Right to ask questions
At the Annual General Meeting, the Board of Directors will answer questions from the shareholders regarding issues relating to the review of the Annual Report, the condition of the company and other questions for consideration at the Annual General Meeting.

The Board of Directors

Contact person
Allan Andersen, CEO, +4540163864

About NeuroSearch
NeuroSearch A/S (NEUR) is listed on NASDAQ OMX Copenhagen A/S.


 

 

Candidates for the Board of Directors of NeuroSearch A/S


Karin Garre
Danish citizen, born 1957.
Position: Executive Head, Psychiatric Center of Copenhagen.

Member of the Board of Directors since December 2013 and Chairman of the Board of Directors since December 2013.

Special competencies: Karin Garre is a Medical Doctor and has more than 20 years of wide executive experience from the pharmaceutical industry and she has non-executive experience from, inter alia, StemCare A/S and LTC A/S. Karin Garre has previously held positions as Chief Development Officer and Executive Vice President in NeuroSearch A/S.

Allan Andersen
Danish citizen, born 1945.
Position: CEO, AA Consult ApS and CEO, NeuroSearch A/S.

Member of the Board of Directors since May 1989, chairman of the Board of Directors from January to November 2013.
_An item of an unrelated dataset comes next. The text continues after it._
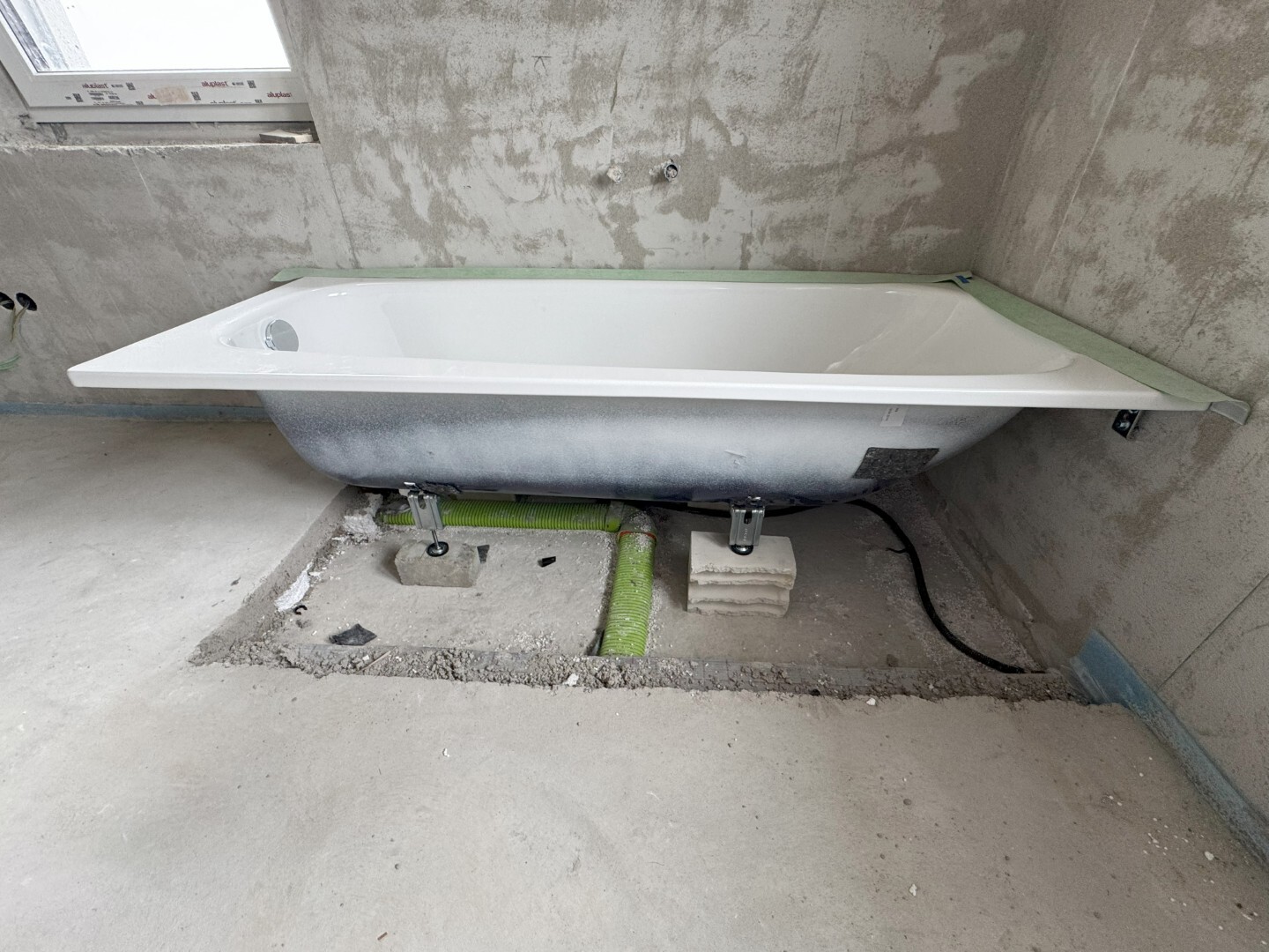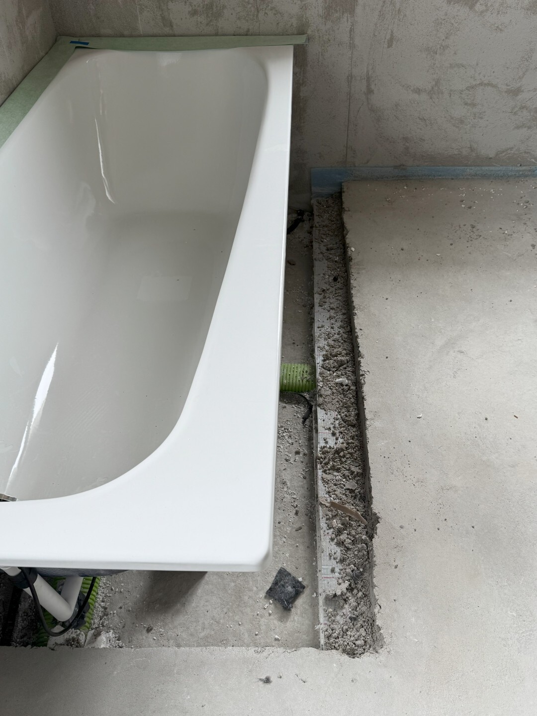 Die Baufirma hat leider auch den Estrichausschnitt willkürlich vorgenommen, am kurzen Ende steht der Estrich unter der Badewanne, am langen Ende ist er zu kurz. Das versucht man nun aktuell auf den Fliesenleger zu verlagern.

Allan Andersen is not considered an independent Board member in accordance with the corporate governance recommendations as he has been a member of the Board of Directors for more than 12 years.

CEO of NeuroSearch A/S since 1 December 2013, Chairman of the Board of Directors of Nordicom A/S, member of the Board of Directors of NsGene A/S, Executive Director of AA Consult ApS, Executive Director of Allan Consulting EOOD, Executive Director of AA Construction EOOD, Executive Director of Jeravna Devleopment OOD, Executive Director of
Provadia Cheese OOD and Executive Director of Jeravna Development EOOD.

Special competencies: Allan Andersen holds more than 30 years of broad experience from different company Boards and has extensive financial knowledge as well as experience with shareholders from the biotech industry.

Christian Lundgren
Danish citizen, born 1966.
Position: Attorney-at-law and Partner at the law firm Kromann Reumert.

Member of the Board of Directors since January 2013.

Christian Lundgren is not considered an independent Board member in accordance with the corporate governance recommendations as he and Kromann Reumert are regularly engaged as the company's lawyer.

Member of the Board of Directors of Det Nissenske Familiefond.

Special competencies: Christian Lundgren holds many years of experience within counselling, restructuring and other transactions, including listed companies and has intensive knowledge of the biotech business.